E. W. - J’adore la forme de la nouvelle. Je ne pense pas qu’une autre forme puisse avoir autant d’impact émotionnel. Les chapitres peuvent se lire comme s’ils étaient des nouvelles – tendus, compacts. Le roman a ses avantages aussi, l’un d’eux est que l’auteur a plus de temps pour explorer une idée plutôt qu’une situation. Je me suis penchée très précisément sur certaines des questions qui ont émergé dans les premiers stades du livre. Comment des femmes et des filles sans grands moyens – financiers, d’éducation, de pouvoir – peuvent trouver le moyen de survivre et même d’avoir une belle vie dans un environnement aussi hostile ? Quand une inconnue blessée arrive à votre porte cherchant de l’aide, que faites-vous ?

 

Grâce à votre écriture délicate, la poésie de certaines scènes, la description de Gloria et des autres femmes en « guerrières », on ressent de l’espoir en filigrane. Est-ce que cette « petite lumière » était intentionnelle ?

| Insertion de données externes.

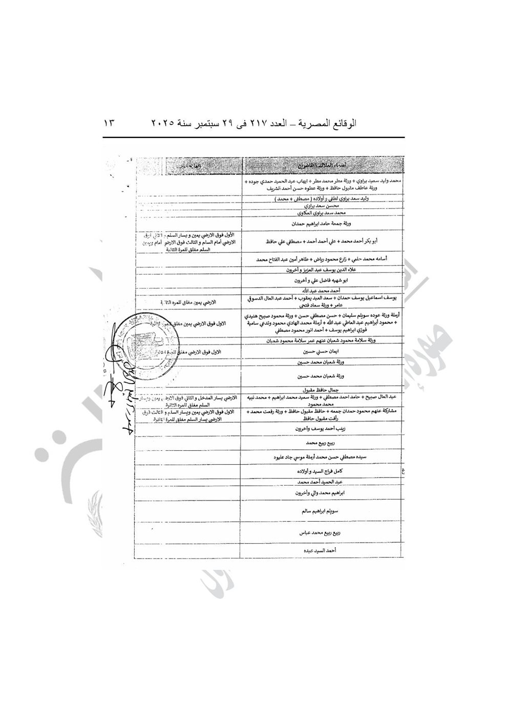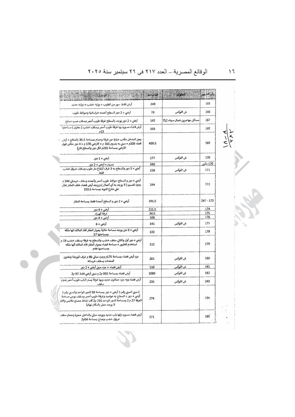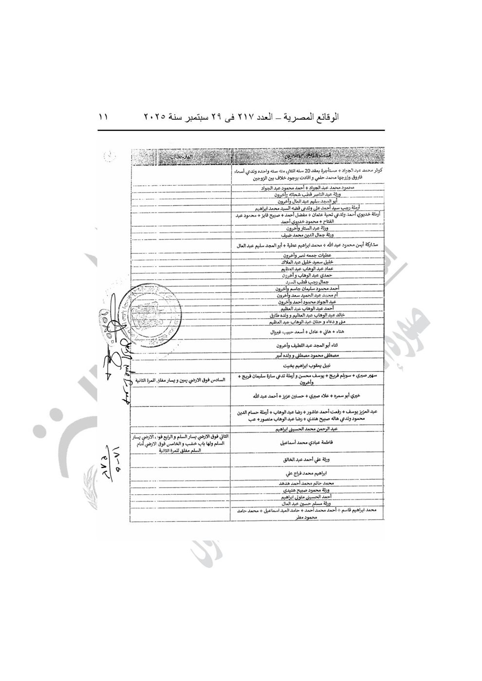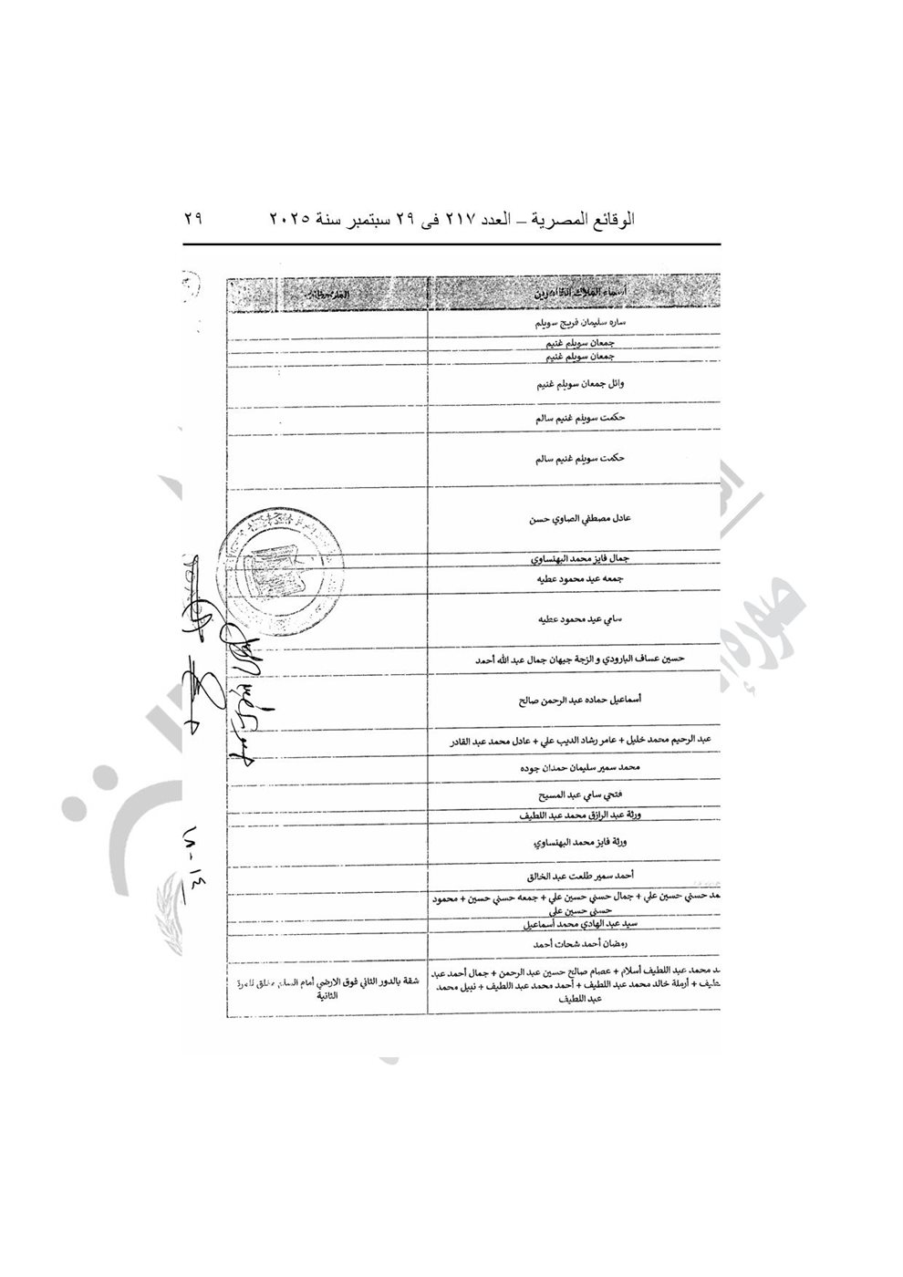 نشرت جريدة الوقائع المصرية في عددها رقم 217، الصادر في 29 سبتمبر 2025، قرار وزارة التنمية المحلية رقم 383 لسنة 2025، بشأن نزع ملكية العقارات والأراضى الصادر بشأنها قرار رئيس مجلس الوزراء رقـم 4683 لسنة 2023، موضحة كشوف حصر أسماء الملاك الظاهرين.

E. W. - J’ai toujours pensé que Glory était une lettre d’amour à Odessa – à sa terre et à ses habitants – surtout à ses femmes et filles aux côtés desquelles j’ai grandi ; féroces, en colère, avec leurs failles. Et même dans les moments où le livre est critique avec la ville, et il y en a beaucoup, j’ai toujours voulu ménager un espace pour l’espoir. Ma grand-mère me disait que jusqu’au moment où on vous transporte dans la boîte en pin, il est toujours temps de changer d’avis et c’est vrai ! Même le raciste le plus endurci d’Odessa, Texas, peut changer. Et j’espère qu’ils le feront. Parce que même si les marques les plus évidentes du racisme sont infligées aux corps et aux esprits noirs et marrons, il y a aussi un coût pour les esprits des blancs. Tant que les Américains blancs ne se confronteront pas honnêtement à notre Histoire, je pense que rien n’ira jamais bien dans mon pays. C’est pour cela, que malgré l’horreur de la situation aux États-Unis aujourd’hui, j’ai repris espoir parce que je vois, dans les rues et les foyers de nombreux Américains, une réévaluation honnête de qui nous sommes et comment nous pouvons avancer vers une société plus juste et plus équitable.

 

Lorsque le roman s'ouvre, Gloria Ramirez, 14 ans, gît dans la poussière. Elle a été violée. À quelques mètres d'elle, son agresseur, un jeune foreur blanc, se repose dans une voiture. Nous sommes à Odessa, Texas, en 1976, et en partant trouver refuge chez Mary Rose, l'adolescente va bouleverser le calme de cette communauté. La justice ne sera pas si simple à faire. Pour eux, Gloria n'est qu'une étrangère, tandis que le coupable se destine à un bel avenir qu'il serait dommage de briser. Gloria, qui décide de se re-baptiser Glory, devient le fil rouge entre toutes les femmes de cette petite ville, jeunes et moins jeunes, que nous découvrons tour à tour, fortes, décidées à vivre de la manière dont elles l'entendent. Subtil, poétique, le premier roman d'Elizabeth Wetmore met à nu la violence ordinaire, mais possède également un indéfectible espoir dans ceux qui continuent à se battre pour de meilleurs lendemains.